→ Work task:
Excluding pictures, retype exactly the lines from the one with "Gâteau de Pâques au..." through the end of the records that follow.

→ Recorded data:
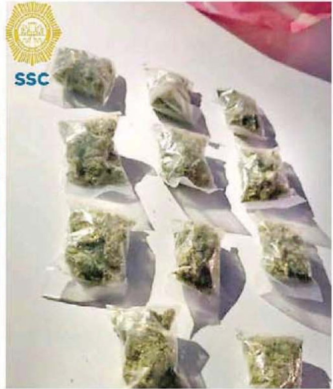
El hombre en actitud sospechosa fue monitoreado y aprehendido en el área de pescados de la Central de Abasto
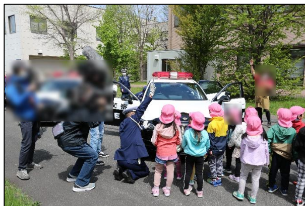
乗車体験会イメージ
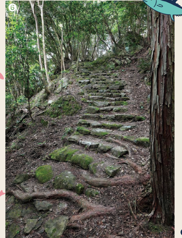
⑥ 平成28年10月24日、新田平見道（写真⑥）、富山平見道、飛渡谷道、清水峠が世界遺産「紀伊山地の霊場と参詣道」に追加登録。
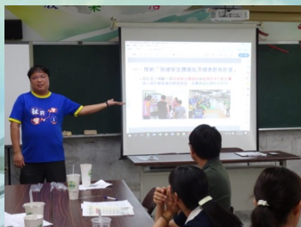
正向輔導管教宣導
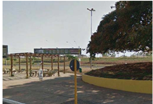
Figura 4: Pergolado no entorno da Copaíba, sem vegetação. 7
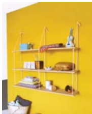
Balançoire page 86
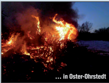
... in Oster-Ohrstedt
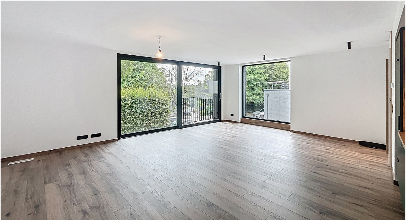
Innenfotos - Wohnzimmer
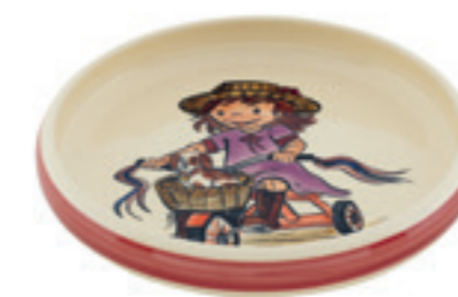
Tasse enfant Bicyclette Ø 18 cm bord élevé 39520
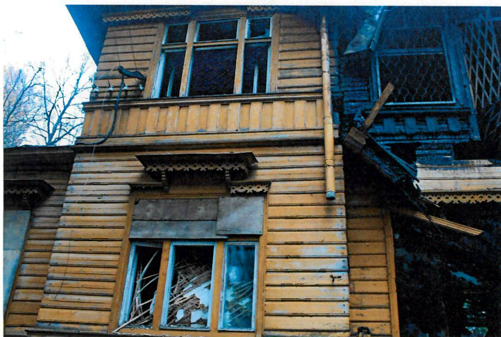
Фото 2. Сохранившийся карнизный пояс с орнаментальной сквозной резьбой. Западный фасад.
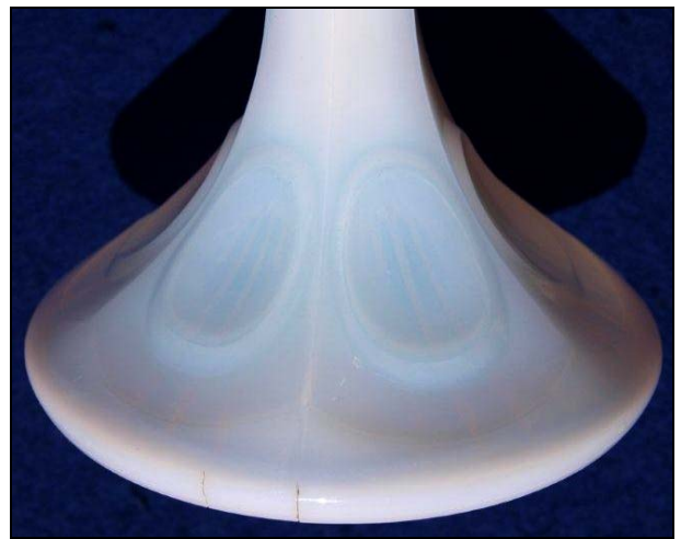
Abb. 2011-3/013 Fußschale / Tafelaufsatz „Richelieu“ farbloses Pressglas, H 21,0 cm, D 27,0 cm, G ca. 2,0 kg Sammlung Vogt PV-1597 George Davidson & Co., Gateshead, R D 96945, 31. März 1888
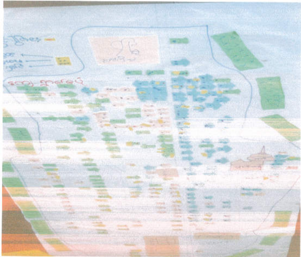
ကျေးရွာ၏လူမှုရေးနှင့် အရင်းအမြစ်ပြမြေပုံ
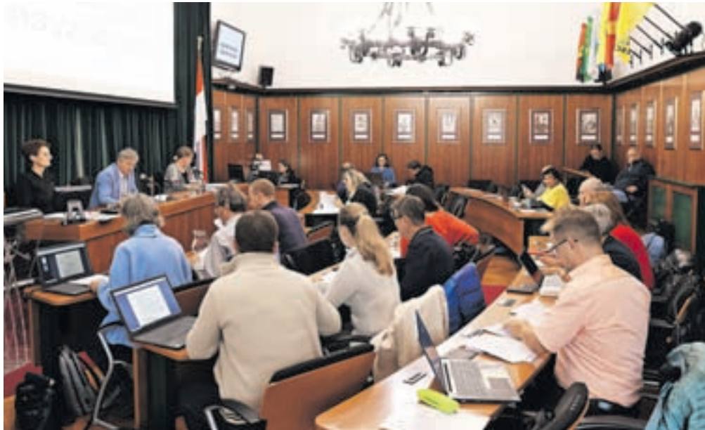
Radovljiški občinski svetniki so se konec septembra sestali na predvidoma zadnji seji v tem mandatu.

Za ureditev kulturnega doma Kropa pa je občina pridobila sredstva Ministrstva za kulturo. Na podlagi javnega poziva za sofinanciranje vlaganj v javno kulturno infrastrukturo lokalnih skupnosti bo letos prejela 82 tisoč evrov in zagotovila še 44 tisoč lastnih sredstev,
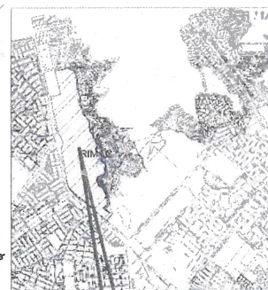
PROVINCIA: LIMA DISTRITO: FIMAC LUGAR: UNIVERSIDAD NACIONAL DE INGENIERIA AVENIDA: AV. TUPAC AMARU N°: 210
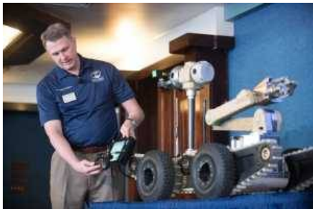
Следующее поколение беспилотных наземных машин легче, быстрее, сильнее и умнее

Remotec Inc., дочернее предприятие Northrop Grumman Corporation, начнет в декабре поставки Titus, новейшего и самого маленького члена их линейки беспилотных наземных машин (UGV) Andros.
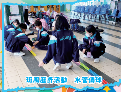
班風歷奇活動 水管傳球
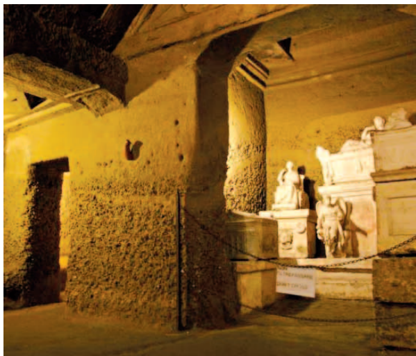
"Ipogeo dei Volumni" - Ponte San Giovanni - PG

domenica 5 settembre ore 10.00/13.00 - 15.00/20.00
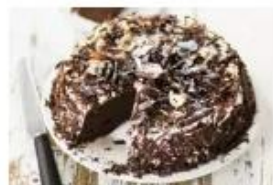
Gâteau de Pâques au...
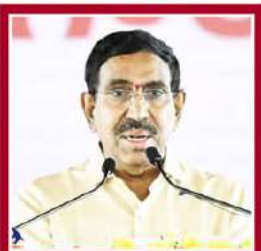
పొంగుల నారాయణ మున్సిపల్ రివల్యూషన్, పట్టణాభివృద్ధి
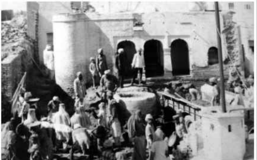
ਚਮਕੌਰ ਦੀ ਗੜ੍ਹੀ ਦੀ ਪੁਰਾਣੀ ਤਸਵੀਰ

ਸਰਸਾ ਨਦੀ ਨੂੰ ਪਾਰ ਕਰਦਿਆਂ ਹੀ ਗੁਰੂ ਪਰਿਵਾਰ ਵਿਚ ਵਿਛੋੜਾ ਪੈ ਗਿਆ। ਮਾਤਾ ਗੁਜਰੀ ਜੀ ਤੇ ਛੋਟੇ ਸਾਹਿਬਜ਼ਾਦੇ ਗੁਰੂ ਸਾਹਿਬ ਅਤੇ ਸਿੱਖਾਂ ਤੋਂ ਵੱਖ ਹੋ ਕੇ ਕਿਸੇ ਔਝੜੇ ਰਾਹ ਪੈ ਗਏ। ਇਧਰ ਗੁਰੂ ਗੋਬਿੰਦ ਸਿੰਘ ਜੀ ਆਪਣੇ ਵੱਡੇ ਦੋ ਫ਼ਰਜ਼ਦਾਂ ਅਤੇ 40 ਕੁ ਸਿੱਖਾਂ ਨੂੰ ਨਾਲ ਲੈ ਕੇ ਰੋਪੜ ਦੇ ਇਲਾਕੇ ਵਿਚ ਪਹੁੰਚ ਗਏ। ਇਸ ਇਲਾਕੇ ਵਿਚ ਆ ਕੇ ਪਾਤਸ਼ਾਹ ਆਉਣ ਵਾਲੇ ਸੰਕਟ (ਪਿੱਛਾ ਕਰ ਰਹੀਆਂ ਮੁਗ਼ਲ ਫ਼ੌਜਾਂ) ਦਾ ਸਾਹਮਣਾ ਕਰਨ ਦੀ ਵਿਉਂਤਬੰਦੀ ਕਰਨ ਲੱਗੇ।

→ Expected answer:
Gâteau de Pâques au...
పొంగుల నారాయణ మున్సిపల్ రివల్యూషన్, పట్టణాభివృద్ధి
ਚਮਕੌਰ ਦੀ ਗੜ੍ਹੀ ਦੀ ਪੁਰਾਣੀ ਤਸਵੀਰ

ਸਰਸਾ ਨਦੀ ਨੂੰ ਪਾਰ ਕਰਦਿਆਂ ਹੀ ਗੁਰੂ ਪਰਿਵਾਰ ਵਿਚ ਵਿਛੋੜਾ ਪੈ ਗਿਆ। ਮਾਤਾ ਗੁਜਰੀ ਜੀ ਤੇ ਛੋਟੇ ਸਾਹਿਬਜ਼ਾਦੇ ਗੁਰੂ ਸਾਹਿਬ ਅਤੇ ਸਿੱਖਾਂ ਤੋਂ ਵੱਖ ਹੋ ਕੇ ਕਿਸੇ ਔਝੜੇ ਰਾਹ ਪੈ ਗਏ। ਇਧਰ ਗੁਰੂ ਗੋਬਿੰਦ ਸਿੰਘ ਜੀ ਆਪਣੇ ਵੱਡੇ ਦੋ ਫ਼ਰਜ਼ਦਾਂ ਅਤੇ 40 ਕੁ ਸਿੱਖਾਂ ਨੂੰ ਨਾਲ ਲੈ ਕੇ ਰੋਪੜ ਦੇ ਇਲਾਕੇ ਵਿਚ ਪਹੁੰਚ ਗਏ। ਇਸ ਇਲਾਕੇ ਵਿਚ ਆ ਕੇ ਪਾਤਸ਼ਾਹ ਆਉਣ ਵਾਲੇ ਸੰਕਟ (ਪਿੱਛਾ ਕਰ ਰਹੀਆਂ ਮੁਗ਼ਲ ਫ਼ੌਜਾਂ) ਦਾ ਸਾਹਮਣਾ ਕਰਨ ਦੀ ਵਿਉਂਤਬੰਦੀ ਕਰਨ ਲੱਗੇ।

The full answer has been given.